I have spent a lot of time in the last two weeks looking at aspects of the Work Programme with people from the voluntary and community sector (VCS), social enterprises, prime contractors and even been part of meetings with the minister and shadow minister responsible. The question is, what have I learned?
I think the Work Programme and how it is portrayed by the government and the opposition is consistent with what is happening across the policy arena at present and shows a consistency in the government’s approach and attitude which I will attempt to illustrate below:
1. The aims of the policy cannot be faulted: you will have to go a long way to find people who truly believe getting people back into work is a bad idea. The challenge is agreeing the best way to do it.
2. A lack of accountability: within government there is a willingness, even enthusiasm, to say ‘it’s nothing to do with us’. At the NCVO Special Interest Group (SIG), Chris Grayling said: ‘Not wishing to rubbish what you are doing here, but you shouldn’t be bringing these issues to me, you should be discussing them with the primes.’ The trouble is, he is probably right given the nature of the contracts they have created, but I do find it strange that government doesn’t see it as its role to hear issues about one of the biggest ever government contracts in this arena? As the delayed National Audit Office report asks, has DWP ‘…introduced mechanisms to manage the Work Programme and the ongoing risks to its effective delivery?’

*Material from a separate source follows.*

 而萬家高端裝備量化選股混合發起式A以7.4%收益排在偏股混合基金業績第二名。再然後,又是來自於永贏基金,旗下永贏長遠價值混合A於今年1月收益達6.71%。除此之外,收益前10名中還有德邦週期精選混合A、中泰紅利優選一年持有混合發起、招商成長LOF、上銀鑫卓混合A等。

3. A lack of willingness to learn from the past: it is interesting that in the VCS we are constantly told to evidence what we do and prove what we do works yet the government seems willing to embark on huge schemes with little supportive evidence – and when there is some they ignore it on clearly political grounds – take the Future Jobs Fund, for just one small example.
4. A lack of openness and transparency: despite the rhetoric we still have little evidence of the impact of the Work Programme in its early days. I keep being told it is working – ‘we are about where we expected to be’ is the message from the primes and government. But that’s not consistent with the providers I speak to – please can we have some data to get to grips early with issues and know where we need to put more effort in.

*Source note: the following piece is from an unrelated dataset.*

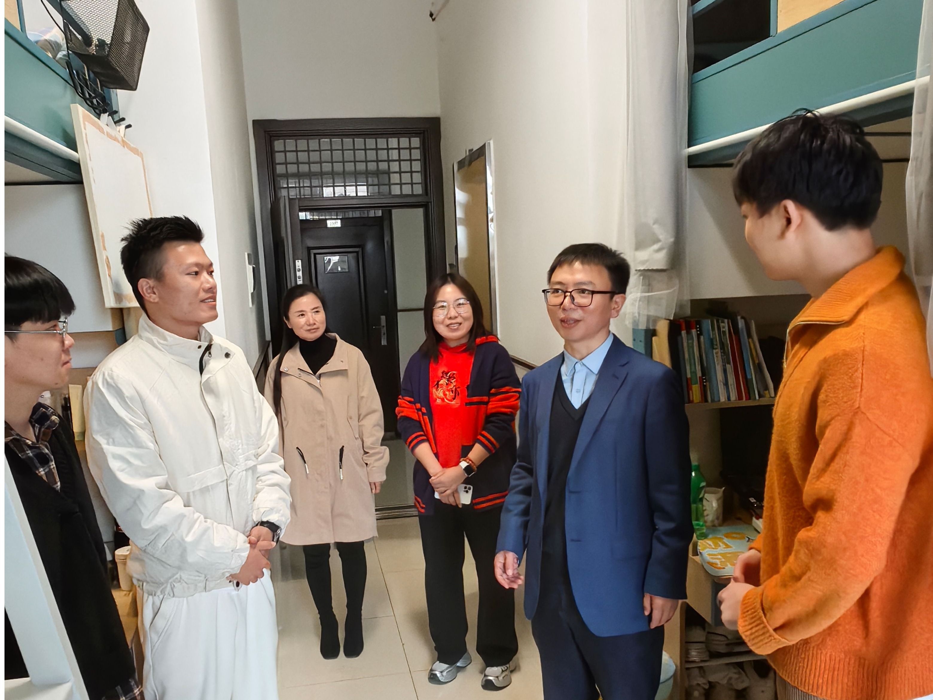 教师们在学生宿舍与同学们亲切交流,倾听学生们在学习和生活中遇到的困难,深入了解学生学习和生活状态。期间,教师们温馨提醒同学们,期末将至,要将精力和时间更多地投入到学习中,要提早做好期末迎考计划,合理安排复习时间,争取取得好的成绩。此外,教师们还对宿舍内违章电器、私拉线路、通道拥堵等安全隐患进行检查和提醒,并对同学们进行了相关提醒,一旦发现隐患,立即整改。同时要警惕各类诈骗,提高消防、交通、食品等各类安全意识,保护好人身和财产安全,共同营造安全、和谐、整洁的学习和生活环境。

5. Hear no evil see no evil: apparently, as nobody has complained using the Merlin Standard there is nothing wrong. Well that’s what the minister says anyway. It seems that anyone who has any complaints was not a good enough negotiator, was rubbish at writing business plans or clearly not delivering the right services, otherwise they would have a good contract – wouldn’t they?
6. Financial clout is paramount: apparently the primes were all chosen because of their capital base. Great, clearly this is important in a culture of payment by results and will condemn the VCS to years of picking up the scraps, but begs the question as to why you wouldn’t put ‘ability to get people back into work’ at the top of a list when devising a programme about, well, getting people back into work?
7. An over-exaggeration of the role of the VCS and social enterprise: at a select committee recently the prime minister (as opposed to essentially the Primes Minister in DWP) said ‘…over 50% of the Work Programme is being delivered by small voluntary and community groups…’. Not even the most generous interpretation of the facts could conceive that to be true, but even the other figures thrown around seem unrealistic to most. There are a couple of big players in there – in parts of Lancashire about 90% of the programme is delivered by a social enterprise – this distorts the wider picture in the northwest, the reality, even for those that DWP say are in the supply chain is that little or no business has come their way.
8. VCS is scared to speak out: I have multiple examples now of where groups feel they have been mistreated and misled. At the moment I struggle to find one to speak out in public about their experience. The chances of them using Merlin or going to the media are non-existent at the moment as they do not want to burn bridges. I predict that it will take a big player going to the wall – a prime or a big provider in the supply chain – before we see people willing to go public.
9. A lack of willingness to rethink anything: at the NCVO SIG it seemed to me that the minister was not keen to rethink anything. Even when presented with a compelling case of changing payment profiles slightly, with no greater spend required, he was unwilling to recognise the issue or consider addressing it.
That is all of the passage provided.